グリフ・リース

2015年3月2日 音楽
 英国ウェールズ起点ロック・バンドのスーパー・ファリー・アニマルズ(2001年10月19日、2005年10月18日、2008年8月10日)のフロント・マンであるグリフ・リースの公演は、渋谷・クラブクアトロにて。昨年出した自己作『アメリカン・インテリア』をベースにおく、ソロによるパフォーマンス。次の野暮用のため最後まで見ることはできなかったのだが、へーえ、こりゃ今まで接したことのない実演ではあったなー。それは、本人の我が道を行く様、解き放たれ具合を、明解に示すものであったか。

 なんでも、リースの先祖にあたる人に、ジョン・エヴァンスとウェールズ人がいたんだそう。他者との物差しがちょっと違っていた彼は20ちょいのとき独立したばかりの米国に苦労して渡り、ウェールズと米国の数奇な合衆国の旅をする。上陸した東部ボルチモアから中西部に行き、南下し、最後はフロリダへ。そんなエヴァンスにルーフは興味をひかれ、米国をツアーしつつ、彼のアメリカの旅をリサーチする。そして、その好奇心はアルバムだけでなく、書籍、ドキュメンタリー映画、アプリという4つのメディアに結実した。まあ、そういう流れは、スーパー・ファリー・アニマルズの結成時からウェールズ語で歌うなどしてきたリースらしいと思わせる。とともに、なんかその成り行きと結果の出し方は、在米アイリッシュ・トラッド・バンドのソーラス(2012年6月14日、2014年6月2日)が米国に移民した血筋の人を追った“シャムロック・シティ”プロジェクトを思い出させるではないか。
 
 冒頭、本人がステージにふらりとあがって来たと思ったら、「拍手」とか「もっと!」とか書かれたスケッチブックを掲げて観客を沸かせ、つかみを取る。で、すぐに引っ込み、平凡な風景が続く映像が10分ほど流される。あ、これが作ったフィルムの一部なの?

 そして、再び出て来たリースは、スライド(資料絵図や、狂言回し的役割を担うジョン・エヴァンス模した人形の写真〜彼は途中で、それをステージ上においた〜や、日本語字幕など)を自ら手元で扱いつつ背後スクリーンに映し、エヴァンスにまつわる雲をつかむような話を訥々と続ける。そして、その合間にという感じで、アコースティック・ギターの弾き語り表現も聞かせる。ときに、彼は効果音的断片を付けたり、メトロノーム音やプリセット音をやんわり併用するときもあった。
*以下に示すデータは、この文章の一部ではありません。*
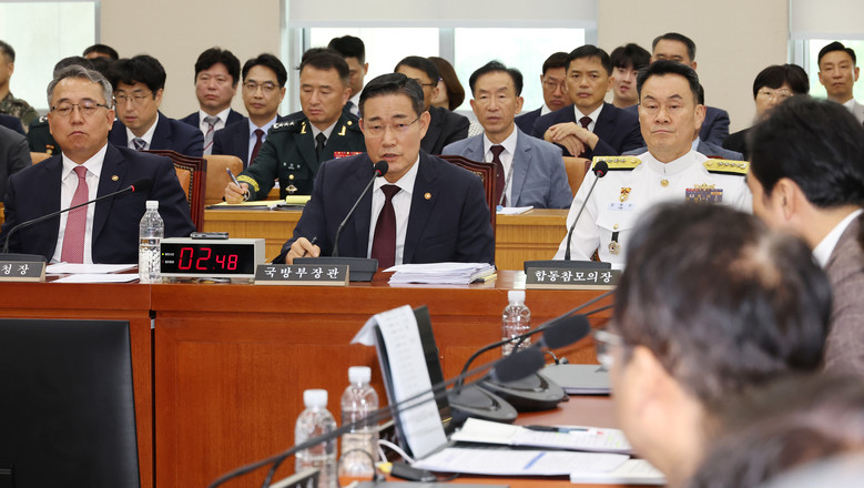 8일 오전 열린 국회 국방위원회 전체회의에서 신원식 국방부 장관(가운데)이 의원질의에 답변하고 있다. 2024.8.8

 まあ、本人のとぼけた佇まいが引き出す部分もあるが、不思議な味わいを持つ、<ユーモラスなレクチャー+音楽の夕べ>、なり。18世紀後期のアメリカって、まだ縦割りの西側約7分の4はスペイン領だったなんて、リースのこれに触れなかったら、死ぬまで知らなかったかも(それ、ホントだよな?)。

 純粋な音楽の部分の時間は、半分にも満たなかったか。でも、その音楽は十全に素晴らしかった。やっぱり、音楽家として、一級と思わせる。そして、その事実を導いた、彼のもやもやが示されていたんだもの、少なくても彼のファンならみんなニッコリ接することができたショウではなかったか。

▶過去の、スーパー・ファリー・アニマルズ
http://www.myagent.ne.jp/~newswave/live-2001-10.htm
http://43142.diarynote.jp/200510230259030000/
http://43142.diarynote.jp/200808110417320000/
▶過去の、ソーラス
http://43142.diarynote.jp/201206181341313130/
http://43142.diarynote.jp/201406110834215934/

<今日の、悲しみ>
 あることを、当人から伝えられ、驚き、とっても悲しくなる。えええ、神よ、あなたは……という気持ち、100%。その際、ぼくはちゃんとココロある対応ができただろうか。でも、きっと、きっと。。。。。